By Sabrina Valle and Rami Ayyub
WASHINGTON (Reuters) -The United States on Tuesday imposed sanctions on Guyanese mining magnate Nazar Mohamed and his son Azruddin over allegations they defrauded Guyana’s government of tax revenues and bribed public officials, the Treasury Department said.
A company owned by the Mohameds was formerly part of a consortium building a $300 million logistics base in the South American country for oil giant Exxon Mobil Corp, but their company pulled out after Reuters reported the pair was facing criminal probes by U.S. law enforcement agencies.

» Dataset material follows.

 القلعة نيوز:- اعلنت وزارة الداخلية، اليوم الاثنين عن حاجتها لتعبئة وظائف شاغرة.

The sanctions target three of the men’s companies – Mohamed’s Enterprise, Hadi’s World and Team Mohamed’s Racing team – as well as a Guyanese government official, Mae Thomas, who the U.S. Treasury described as the country’s Permanent Secretary of the Ministry of Labor.

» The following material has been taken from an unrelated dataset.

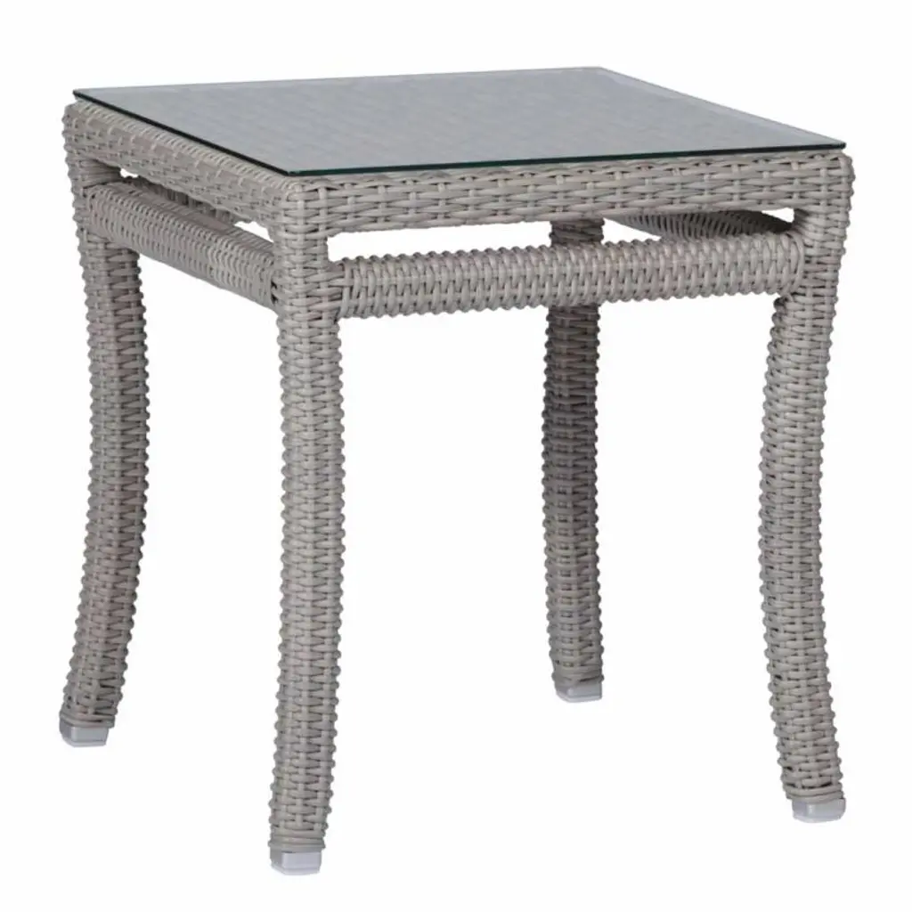 The Club Woven End Table features timeless outdoor wicker styling crafted from highly durable and weather-resistant N-dura™ resin wicker—guaranteed to not experience any significant color change for 5 years. A sturdy wrought aluminum base and glass top surface make this accent table a perfect fit in a variety of outdoor furnishing settings.
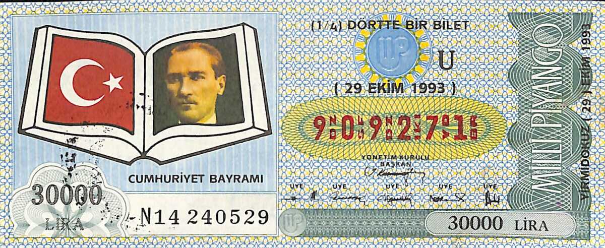 29 Ekim 1993 Piyango Bileti Dörtte Bir Bilet PYB6751

U.S. Treasury Department official Brian Nelson said the action aimed to disrupt “those who seek to exploit Guyana’s underdeveloped gold sector for personal gain.”

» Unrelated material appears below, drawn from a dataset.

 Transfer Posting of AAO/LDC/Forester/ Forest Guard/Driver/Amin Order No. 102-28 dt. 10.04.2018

The sanctions were enforced by the Office of Foreign Assets Control (OFAC), which is part of the U.S. Department of the Treasury, and is the body responsible for applying economic and trade sanctions. It blocks U.S. companies from doing business with sanctioned parties.
The Treasury designation did not mention Exxon or its shore base contract.
Exxon said its contract is with a consortium of businesses of which Mohamed Enterprise has not been a part of since last year.
“ExxonMobil complies with all applicable laws and regulations where we operate,” it said in a statement. “Any assertion to the contrary is ridiculous.”
Guyana’s government said on Tuesday it was seeking additional information from the United States about the sanctions, and had put Thomas on leave.
The Mohameds did not immediately reply to request for comments, but have previously denied any wrongdoing.
US PROBE
U.S. government officials had warned Exxon in late 2021 and early 2022 to avoid doing business with the Mohameds as they faced U.S. investigations into money laundering, drug trafficking and gold smuggling, Reuters reported last year, citing five people with knowledge of the matter.
The Texas-based oil giant nonetheless announced a deal in April 2022 to award the contract for the logistics base to a consortium that included the two Guyanese businessmen.
The Mohameds exited the consortium in October 2023.
The decision to leave the contract was voluntary and exclusively made by the Mohameds and their two Guyanese partners in the Vreed-en-Hoop Shore Base Inc (VESHI), the entity uniting the three Guyanese parties, NRG Holdings, said in October.
VESHI and NRG declined to comment. NRG said the shorebase, designed to support Exxon’s offshore activities, should be inaugurated by the end of the year. The base was initially set to open last year.
U.S. individuals and companies are prohibited from doing business with individuals and entities on Treasury’s sanctions list, and must perform due diligence to ensure their customers, suppliers and partners are not listed parties.
Violating the sanctions can result in fines and criminal charges.
Between 2019 and 2023, Mohamed’s Enterprise omitted more than 10 thousand kilograms of gold from import and export declarations and avoided paying more than $50 million in duty taxes to the Government of Guyana, the U.S. Treasury said.
The U.S. said that Azruddin and Mohamed’s Enterprise had engaged in extensive bribery schemes involving government officials in Guyana. This includes providing direct and recurring bribery payments to Guyanese government officials to ensure favorable treatment, including award of government contracts, according to sanctions.
Mohamed’s Enterprise had mostly focused on gold mining and foreign currency exchange before expanding into the oil business in recent years and securing a part in the lucrative deal with Exxon.